Public health researchers seek to improve societal health by identifying risk factors that, when subject to public health intervention, can positively affect health outcomes. The county’s pamphlet, for example, outlined a number of risk factors for suicide, including firearm ownership, and provided resources for and educational materials on mitigating risk, including information on safe gun storage. The pamphlet is an example of a public health intervention that seeks to address risk factors for a specific health concern (in this case, suicide) to decrease the likelihood of a negative health outcome.
Risk factors, however, are not in and of themselves causal factors. The discrepancy between how risk factors are defined and the plaintiffs’ expert’s testimony (which asserted a causal interpretation of the pamphlet content) was sufficient for the court to find the expert’s opinion inadmissible. Because his testimony was excluded, the court did not need to directly address the key substance of the plaintiffs’ expert’s opinion that there is no “convincing” evidence to support the assertion that gun ownership increases the likelihood of a person committing suicide. And yet data to the contrary are robust.
An amicus brief submitted in support of the county summarizes current research on the relationship between suicide and firearm ownership (Brief for Matthew Miller and Deborah Azrael as Amicus Curiae Supporting Defendant-Appellee, Maryland Shall Issue, Inc v. Anne Arundel County, Maryland, No. 23-1351 (4th Cir. 2023)). It directly addresses the essence of the plaintiffs’ argument that risk lies with the gun owner, not the gun. Drs. Miller and Azrael present several key research findings to argue otherwise.

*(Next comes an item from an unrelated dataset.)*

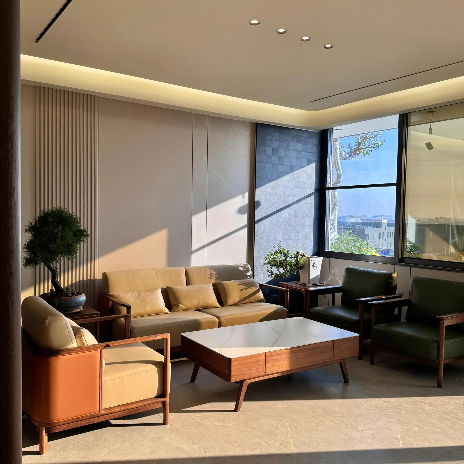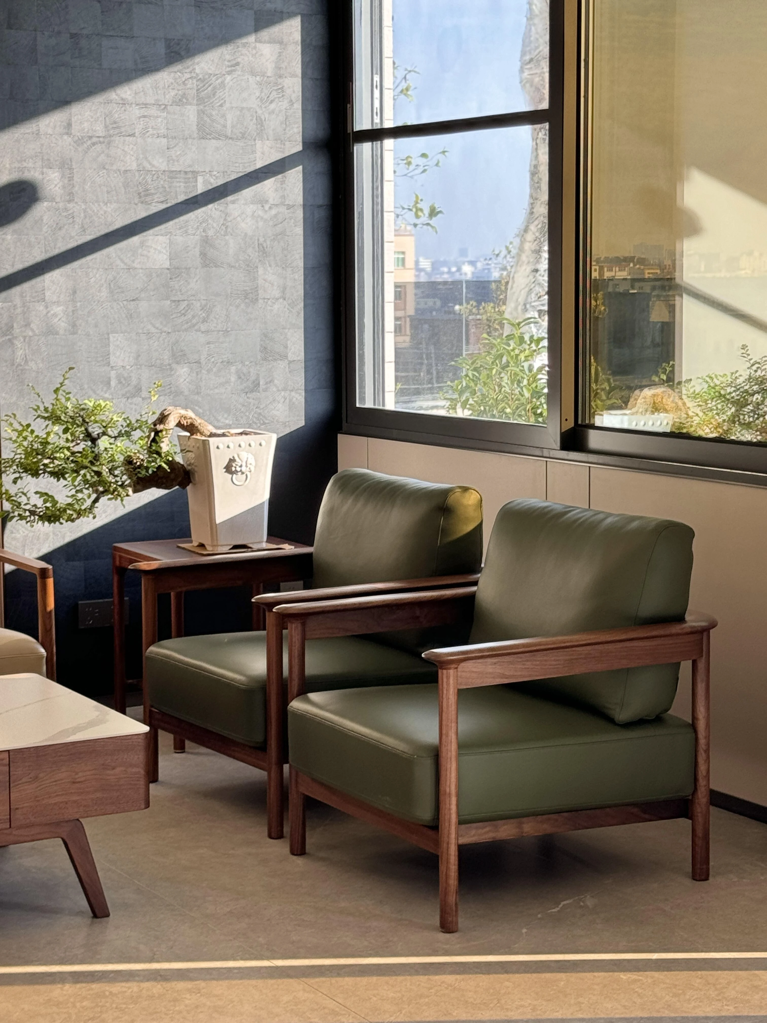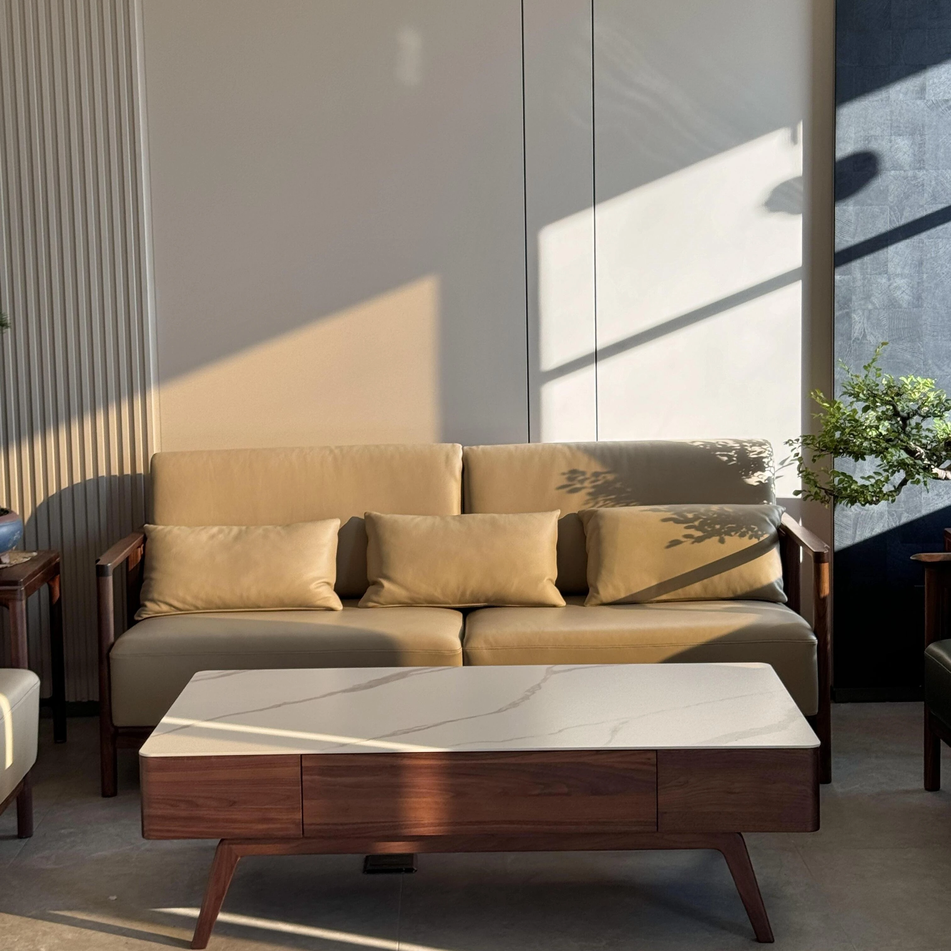 Luxurious Modern Minimalist Black Walnut Sofa and Coffee Table Set - Chic New Chinese Style Solid Wood Armchair for Elegant Living Spaces

According to the Miller and Azrael report, a gun in the home carries an increased risk of suicide for all members of the household, not just the owner. The risk of an adolescent dying by suicide in a home with a gun, for example, is three times greater than that in a home without one. The likelihood that an as-yet-unidentified variable (an “antecedent factor” or unidentified confounder) better accounts for the magnitude of this increased risk is low. Several studies cited by Miller and Azrael provide additional supporting evidence. Suicide rates by methods other than firearms are more consistent across states, but firearm suicide rates are higher in places where there are more guns. The higher rate of suicide seen in firearm owners compared with nonowners is propelled by ownership of the firearm; the most robust data available do not support a finding of an elevated rate of suicide by other means in firearm owners. Furthermore, individuals owning guns are no more likely than nongunowners to have other risk factors for suicide.
In this case, the educational materials on suicide prevention produced by the county and distributed at the point of firearm sale included information on gun ownership as a risk factor for suicide. The research supports this information as both factual and uncontroversial. The Fourth Circuit agreed, allowing Anne Arundel County’s modest intervention to reduce firearm suicide to stand. The U.S. Supreme Court has subsequently declined to hear the case.